ACME and Bind dns Server on pfsense in the same server



  • I have installed ACME and Bind DNS server on the same server, the DNS server works correctly, when I try to validate a certificate for my own domain that is running on the same server I receive an error.
    Which key would be put in my SAN configuration, it is assumed that for the server itself to update a record dynamically no key is required and I receive an error.
    Is there a security risk when having acme and bind on the same server?
    Regards


  • Rebel Alliance Developer Netgate

    ACME is still an nsupdate client in that context. There is nothing special about it being on the same server.

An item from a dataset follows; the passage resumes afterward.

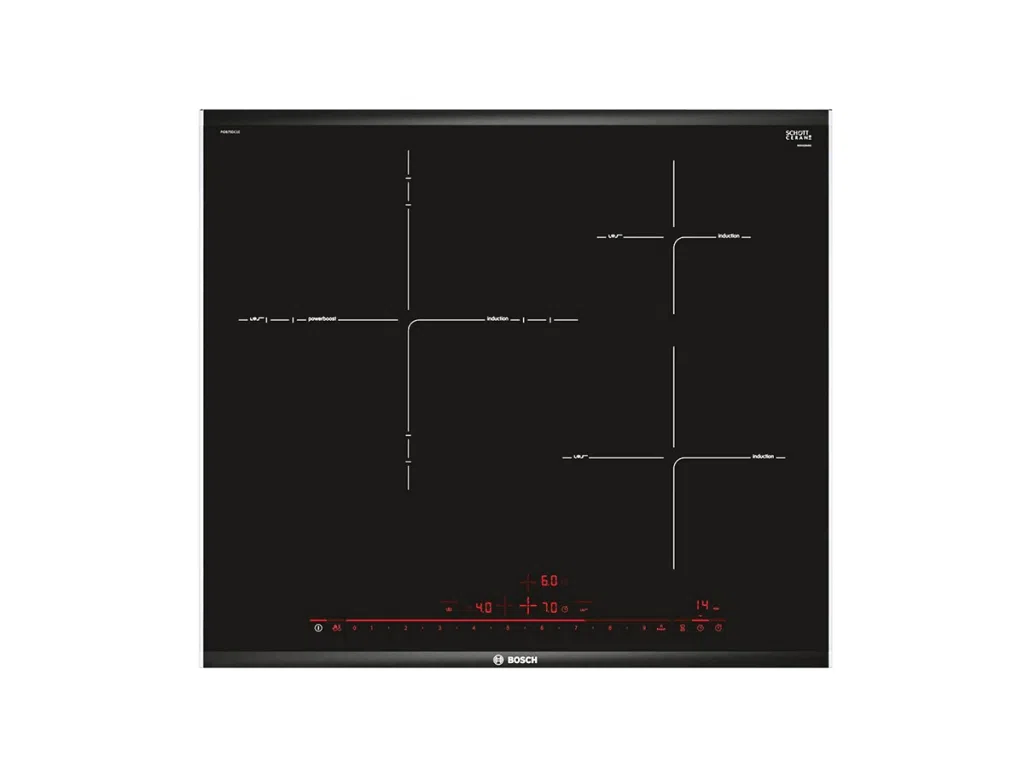 - Hiệu suất làm việc cao: Bếp từ Bosch PID675DC1E được đánh giá cao về hiệu suất làm việc với công suất nấu 3 vùng lần lượt là 3.3kW+2.2kW+1.4kW, tính năng booster tăng cường lượng nhiệt, nấu siêu nhanh, 17 mức công suất được chia nhỏ phù hợp theo mức nhiệt cho nhiều món nấu khác nhau.

It is not "the server itself" -- it's still a client updating a server, and thus requires a key like any other client.



  • Fine..
    so
    i generate the key:
    dnssec-keygen -a HMAC-MD5 -b 512 -n HOST mydomain.cu
    Kmydomain.cu.+157+54710
    cat Kmydomain.cu.+157+54710
    mydomain.cu. IN KEY 512 3 157 blababla-key-string
    put the "blababla-key-string" key in Global setting on Bind DNS server(on pfsense same box):
    key mydomain.cu. {
    algorithm hmac-md5;
    secret "blababla-key-string";
    };
    then i go to ACME config on Domain SAN list add two entries for multi domain and same method DNS-NSupdate / RFC 2136:
    domain name: mydomain.cu
    key: blababla-key-string
    and domain name *.mydomain.cu
    key: blababla-key-string
    the key name is mydomain.cu for both entries
    it is right?


  • Rebel Alliance Developer Netgate

    You need keys for _acme-challenge.<hostname> not just <hostname>.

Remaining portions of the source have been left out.